Thanks to both Dr. Deco and Paul for their follow-up responses. I'll have to spend some time digesting them.

In response to the question posed by both of you -- Why am I having this test? -- I sometimes experience peripheral neuropathies, which is to say tingling, pains, etc, in my extremities. These have occasionally emerged after diving, and in some cases have been difficult to distinguish from DCS. I'm being seen by an excellent specialist in hyperbaric medicine in our area. He seems fairly certain that none of my symptoms are dive-related, but just to be on the safe side he suggested a 2-D echo with bubble study to rule out a significant PFO as a factor. I'm well aware from readings on the topic that PFO usually isn't an issue for recreational divers who stay within no-deco limits.

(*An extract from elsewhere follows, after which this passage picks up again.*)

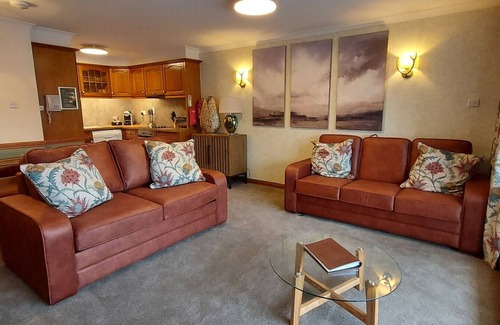The sitting room has lovely open views with large patio doors leading into the furnished conservatory. The interior is tastefully furnished and includes a games table, leather suite, and soft lighting provided by lamps. The large dining table and seating are ideal for entertaining. All lodges benefit from a television providing “free to view” channels, a combi DVD/VCR, direct dial telephones incorporating voicemail. All lodges are equipped with Free WiFi, and all bedding and towels. The dining table seats six and is ideal for entertaining. The fully-fitted kitchen is neat and well equipped and has all modern appliances including; full-size oven and hob, fridge/freezer, microwave oven and dishwasher. There is a full range of crockery, cutlery, glassware and cooking utensils.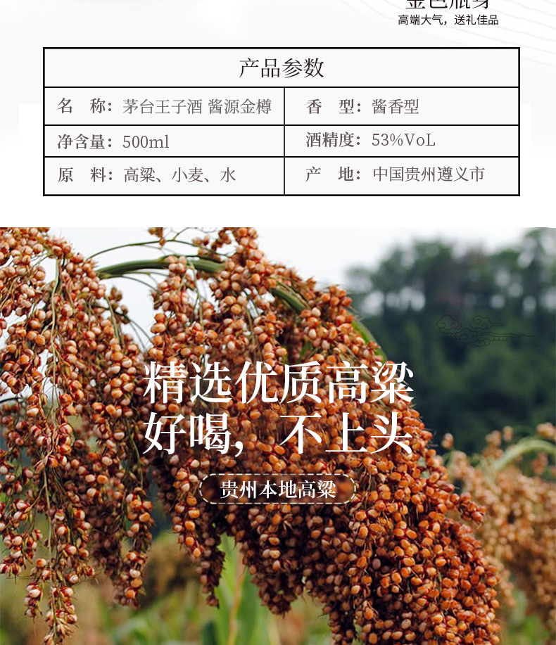 茅台王子 酒酱源金樽 酱香型白酒 500ml 53度

The dive doc has also suggested other tests to investigate possible causes of the symptoms (head/neck MRI; various blood tests for diabetes, thyroid, whatnot). So far these aren't turning anything up. I suspect I may be left in a situation where we're fairly confident that the sensations aren't dive-related, but there isn't anything that can be done to cure them per se. I would therefore have to decide whether it's possible to continue scuba without worrying about every pain and assorted sensation following a dive. But I'll deal with that when I can have a long talk with the doctor after all the test results are in. Thanks again for the help.

 

[Dr Deco]

Dear BBGoby:

Neuropathy

As the specialist stated, it is doubtful that these problems would be from embolization, since that is essentially a random process with respect to where the arterial bubbles will go in the central nervous system. Systemic arterial bubbles would be accompanied, most likely, with CNS problems (for example, weakness, paralysis, cognitive difficulties, vision problems, etc).

Nevertheless, since saline contrast echo ultrasonography is a simple test, the clinician wishes to give it a try to rule out this possibility – small though it is.

Dr Deco :doctor:

 

[The Iceni]

Hi BB Goby,

I hope your problems sort themselves out and you can continue diving.

Horizontal vs vertical?

Dr Deco once bubbled...
Dear BB Goby:

. . Added to this is the observation that MORE bubbles pass the PFO when the Valsalva maneuver is performed in the recumbent position than when upright. Thus, divers are protected to some degree because they are erect.
Dr Deco

Forgive my liberty editing your comment Dr Deco but I think this is what is observed, but does this really provide evidence that a vertical stop is safer than a horizontal stop? I too very much doubt it because this is a completely artificial set of circumstances and the incidence of type II DCI is so rare while PFOs are present in up to 30% of the diving population.

Firstly, the test is performed on the surface where the effects of gravity on venous return in the great vessels are not countered by bouyancy.

Secondly, a valsalva manoeuvre is required and few divers perform this during decompression.

Thirdly, gravity will encourage arterialised bubbles to migrate to the upper parts of the artery in which they find themselves, ending up in the positionally higher parts of the arterial tree to cause effects in those areas. In an erect diver this would of course be the brain.

So in my humble opinion the jury's still out.

 

[The Iceni]

bluebanded goby once bubbled...
I sometimes experience tingling, pains, etc, in my extremities. These have occasionally emerged after diving, and in some cases have been difficult to distinguish from DCS. I'm being seen by an excellent specialist in hyperbaric medicine in our area. He seems fairly certain that none of my symptoms are dive-related, but just to be on the safe side he suggested a 2-D echo with bubble study to rule out a significant PFO as a factor.

As a generalist we are taught to consider differential diagnoses and prioritise according to incidence (common things are more likely) and severity before we order tests or refer to an appropriate specialist.

Having not seen or examined you, least of all taken a history, I am not sure if the following will help. However, your symptoms may be due to problems with your peripheral circulation alone.

Your doctors may wish to exclude Raynaud's phenomenon.